#### [PROVIDED INFORMATION]
┌──

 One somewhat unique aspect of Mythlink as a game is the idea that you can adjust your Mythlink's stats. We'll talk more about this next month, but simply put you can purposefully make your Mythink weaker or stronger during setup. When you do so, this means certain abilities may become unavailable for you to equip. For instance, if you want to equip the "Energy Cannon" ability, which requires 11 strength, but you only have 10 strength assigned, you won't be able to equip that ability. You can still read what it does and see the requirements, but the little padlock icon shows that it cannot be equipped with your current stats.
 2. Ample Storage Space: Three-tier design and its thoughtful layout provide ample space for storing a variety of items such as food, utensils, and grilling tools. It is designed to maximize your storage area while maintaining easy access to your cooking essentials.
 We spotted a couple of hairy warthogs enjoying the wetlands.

└──
┌──

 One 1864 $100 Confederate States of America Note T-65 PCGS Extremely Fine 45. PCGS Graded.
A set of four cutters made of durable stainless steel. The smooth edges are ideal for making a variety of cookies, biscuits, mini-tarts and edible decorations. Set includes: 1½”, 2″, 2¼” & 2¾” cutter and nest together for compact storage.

└──

#### [YOUR GOAL]
Go through the entries and return each line where the word "variety" appears.

#### [OUTPUT OF THE EXERCISE]
 2. Ample Storage Space: Three-tier design and its thoughtful layout provide ample space for storing a variety of items such as food, utensils, and grilling tools. It is designed to maximize your storage area while maintaining easy access to your cooking essentials.
A set of four cutters made of durable stainless steel. The smooth edges are ideal for making a variety of cookies, biscuits, mini-tarts and edible decorations. Set includes: 1½”, 2″, 2¼” & 2¾” cutter and nest together for compact storage.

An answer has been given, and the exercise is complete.